__Source records__
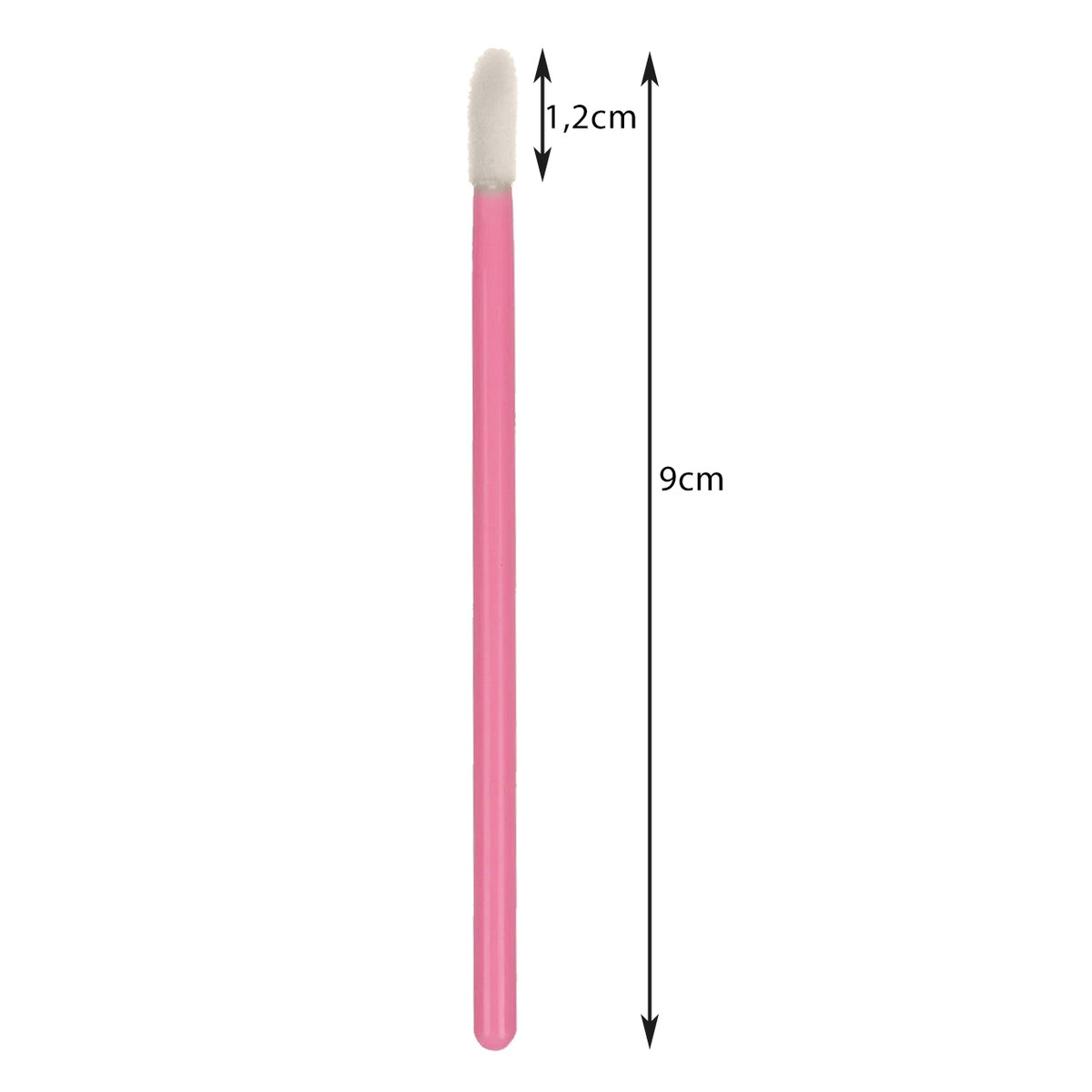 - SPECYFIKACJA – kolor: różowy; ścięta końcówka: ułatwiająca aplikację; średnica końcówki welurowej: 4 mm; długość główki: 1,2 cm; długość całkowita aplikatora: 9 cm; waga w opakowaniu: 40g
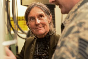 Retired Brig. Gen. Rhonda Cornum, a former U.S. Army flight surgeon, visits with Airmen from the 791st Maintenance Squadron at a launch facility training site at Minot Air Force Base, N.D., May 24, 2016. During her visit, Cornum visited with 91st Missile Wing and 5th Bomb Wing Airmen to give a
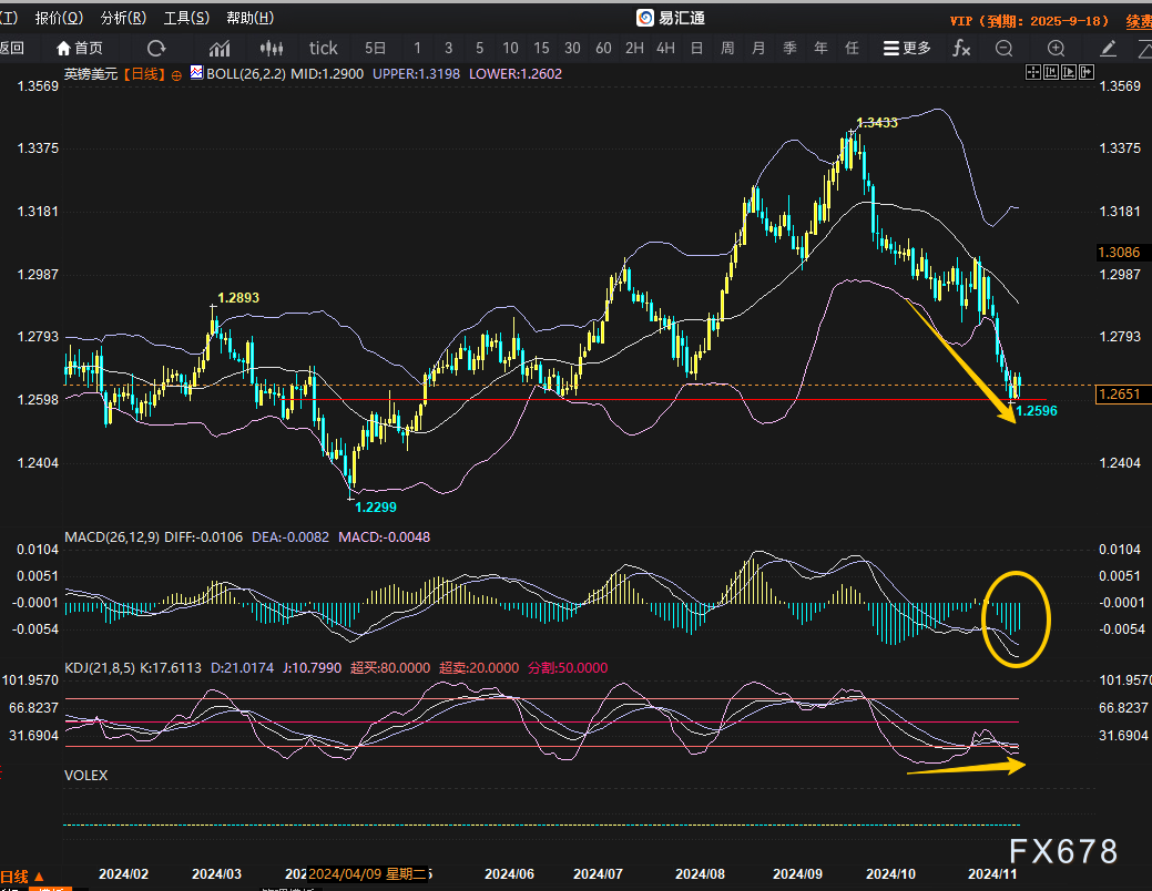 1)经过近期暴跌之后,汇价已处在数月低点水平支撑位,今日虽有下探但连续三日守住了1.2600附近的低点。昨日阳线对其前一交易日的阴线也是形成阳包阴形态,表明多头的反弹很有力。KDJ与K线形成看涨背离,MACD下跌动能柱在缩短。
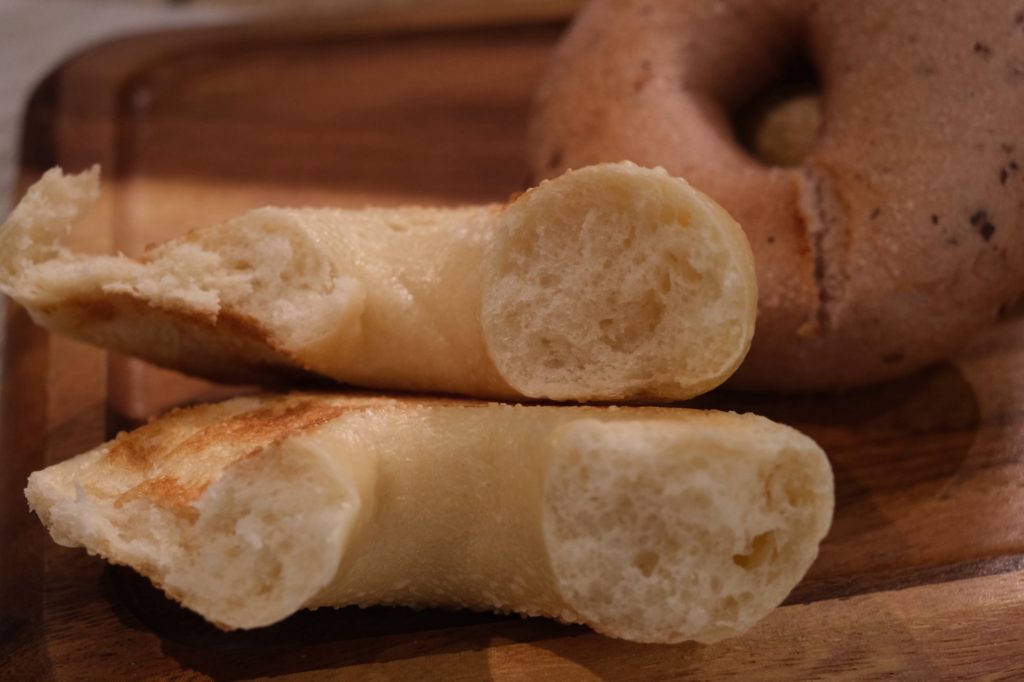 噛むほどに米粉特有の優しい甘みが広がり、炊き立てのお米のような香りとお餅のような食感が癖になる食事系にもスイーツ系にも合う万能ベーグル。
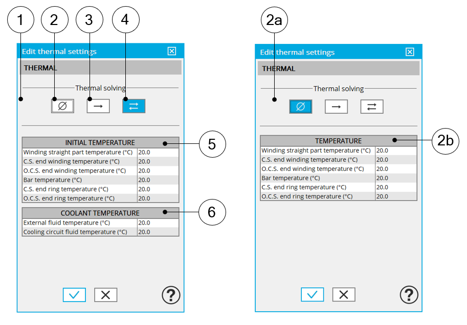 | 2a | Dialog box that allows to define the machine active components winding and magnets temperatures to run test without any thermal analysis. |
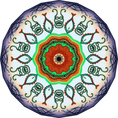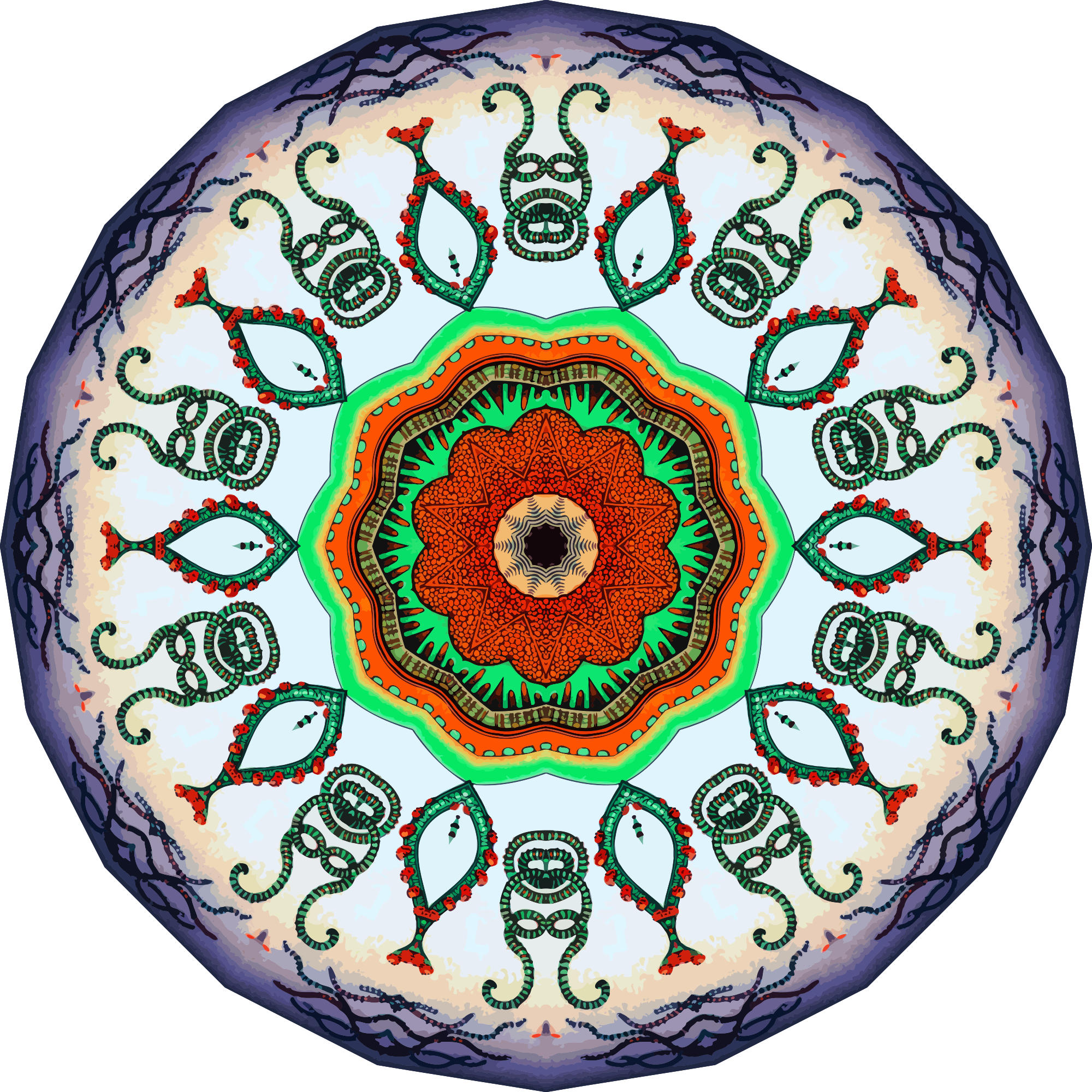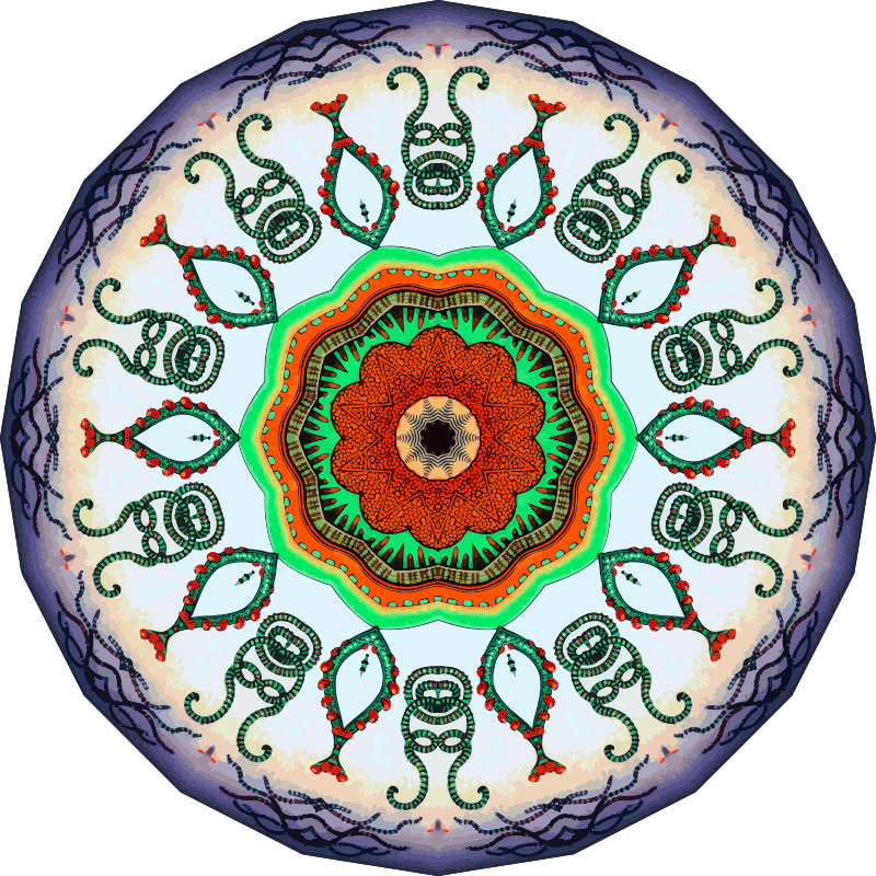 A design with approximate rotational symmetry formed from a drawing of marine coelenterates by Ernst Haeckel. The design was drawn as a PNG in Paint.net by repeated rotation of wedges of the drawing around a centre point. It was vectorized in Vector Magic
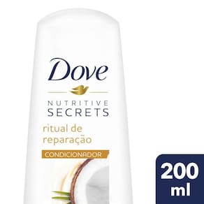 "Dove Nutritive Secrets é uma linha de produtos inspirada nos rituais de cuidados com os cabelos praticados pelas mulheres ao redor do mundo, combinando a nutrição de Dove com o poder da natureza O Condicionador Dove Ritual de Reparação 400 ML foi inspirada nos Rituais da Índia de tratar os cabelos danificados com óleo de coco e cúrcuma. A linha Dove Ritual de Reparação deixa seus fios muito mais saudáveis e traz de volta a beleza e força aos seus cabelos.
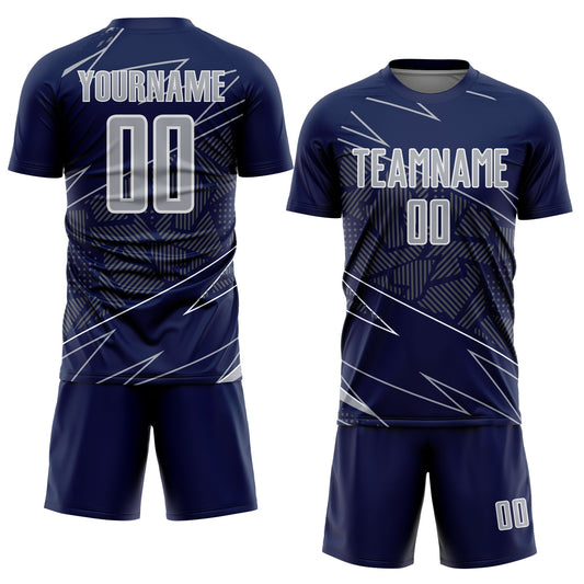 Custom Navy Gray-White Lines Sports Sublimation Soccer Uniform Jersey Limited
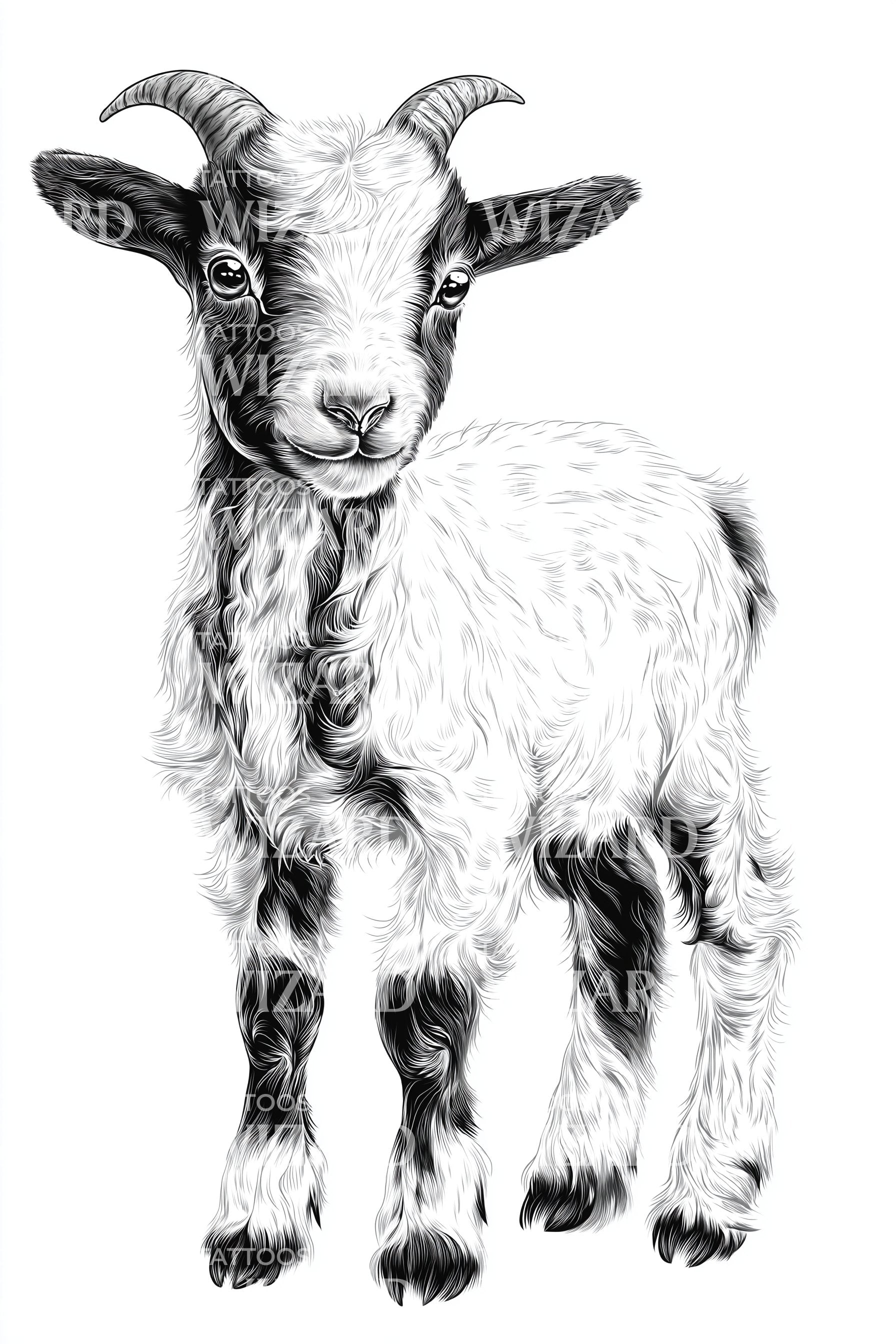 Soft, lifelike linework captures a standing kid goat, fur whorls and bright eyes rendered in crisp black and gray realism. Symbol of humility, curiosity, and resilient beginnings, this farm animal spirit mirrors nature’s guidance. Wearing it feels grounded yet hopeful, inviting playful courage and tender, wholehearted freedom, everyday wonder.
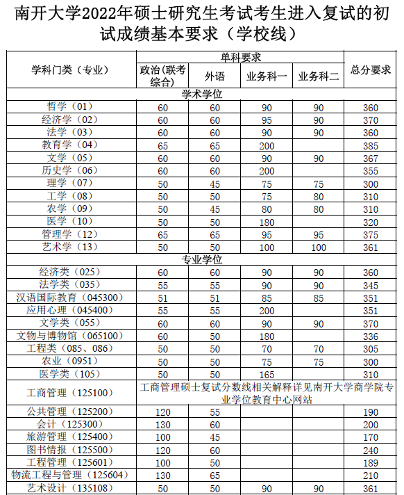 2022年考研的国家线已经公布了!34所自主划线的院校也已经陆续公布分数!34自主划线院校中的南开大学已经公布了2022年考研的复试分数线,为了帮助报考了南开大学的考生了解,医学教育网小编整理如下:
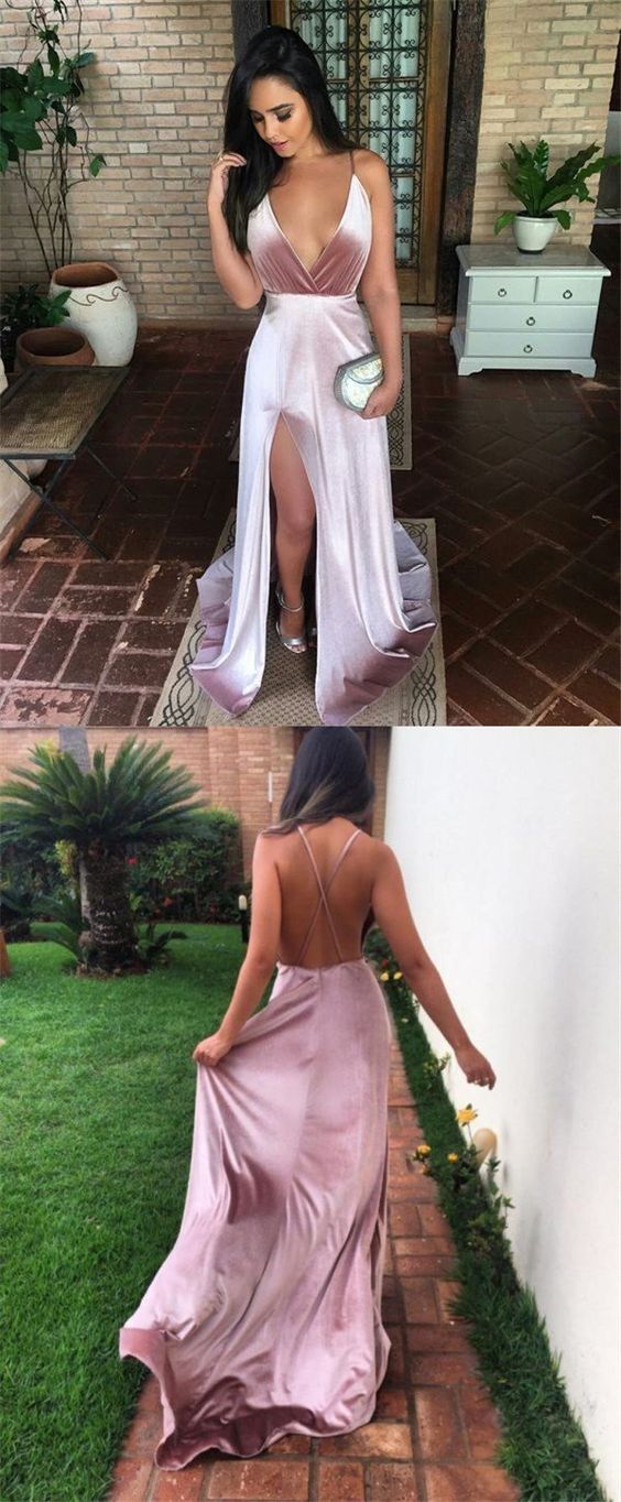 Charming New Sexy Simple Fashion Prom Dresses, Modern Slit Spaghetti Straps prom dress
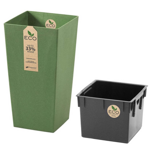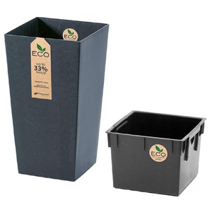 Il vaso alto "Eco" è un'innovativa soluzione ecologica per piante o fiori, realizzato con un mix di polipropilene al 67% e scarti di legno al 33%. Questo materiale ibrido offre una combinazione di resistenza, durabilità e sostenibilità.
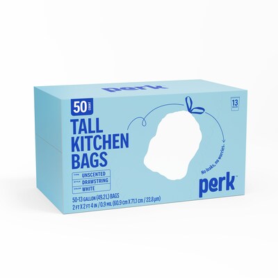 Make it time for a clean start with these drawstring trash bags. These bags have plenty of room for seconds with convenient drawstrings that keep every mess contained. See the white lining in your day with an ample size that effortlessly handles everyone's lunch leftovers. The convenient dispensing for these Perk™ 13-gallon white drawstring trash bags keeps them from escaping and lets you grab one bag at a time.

__Try it__
Every record, word for word, should be given back without its pictures.

__Written answer__
 - SPECYFIKACJA – kolor: różowy; ścięta końcówka: ułatwiająca aplikację; średnica końcówki welurowej: 4 mm; długość główki: 1,2 cm; długość całkowita aplikatora: 9 cm; waga w opakowaniu: 40g
 Retired Brig. Gen. Rhonda Cornum, a former U.S. Army flight surgeon, visits with Airmen from the 791st Maintenance Squadron at a launch facility training site at Minot Air Force Base, N.D., May 24, 2016. During her visit, Cornum visited with 91st Missile Wing and 5th Bomb Wing Airmen to give a
 1)经过近期暴跌之后,汇价已处在数月低点水平支撑位,今日虽有下探但连续三日守住了1.2600附近的低点。昨日阳线对其前一交易日的阴线也是形成阳包阴形态,表明多头的反弹很有力。KDJ与K线形成看涨背离,MACD下跌动能柱在缩短。
 噛むほどに米粉特有の優しい甘みが広がり、炊き立てのお米のような香りとお餅のような食感が癖になる食事系にもスイーツ系にも合う万能ベーグル。
 | 2a | Dialog box that allows to define the machine active components winding and magnets temperatures to run test without any thermal analysis. |
 A design with approximate rotational symmetry formed from a drawing of marine coelenterates by Ernst Haeckel. The design was drawn as a PNG in Paint.net by repeated rotation of wedges of the drawing around a centre point. It was vectorized in Vector Magic
 "Dove Nutritive Secrets é uma linha de produtos inspirada nos rituais de cuidados com os cabelos praticados pelas mulheres ao redor do mundo, combinando a nutrição de Dove com o poder da natureza O Condicionador Dove Ritual de Reparação 400 ML foi inspirada nos Rituais da Índia de tratar os cabelos danificados com óleo de coco e cúrcuma. A linha Dove Ritual de Reparação deixa seus fios muito mais saudáveis e traz de volta a beleza e força aos seus cabelos.
 Custom Navy Gray-White Lines Sports Sublimation Soccer Uniform Jersey Limited
 Soft, lifelike linework captures a standing kid goat, fur whorls and bright eyes rendered in crisp black and gray realism. Symbol of humility, curiosity, and resilient beginnings, this farm animal spirit mirrors nature’s guidance. Wearing it feels grounded yet hopeful, inviting playful courage and tender, wholehearted freedom, everyday wonder.
 2022年考研的国家线已经公布了!34所自主划线的院校也已经陆续公布分数!34自主划线院校中的南开大学已经公布了2022年考研的复试分数线,为了帮助报考了南开大学的考生了解,医学教育网小编整理如下:
 Charming New Sexy Simple Fashion Prom Dresses, Modern Slit Spaghetti Straps prom dress
 Il vaso alto "Eco" è un'innovativa soluzione ecologica per piante o fiori, realizzato con un mix di polipropilene al 67% e scarti di legno al 33%. Questo materiale ibrido offre una combinazione di resistenza, durabilità e sostenibilità.
 Make it time for a clean start with these drawstring trash bags. These bags have plenty of room for seconds with convenient drawstrings that keep every mess contained. See the white lining in your day with an ample size that effortlessly handles everyone's lunch leftovers. The convenient dispensing for these Perk™ 13-gallon white drawstring trash bags keeps them from escaping and lets you grab one bag at a time.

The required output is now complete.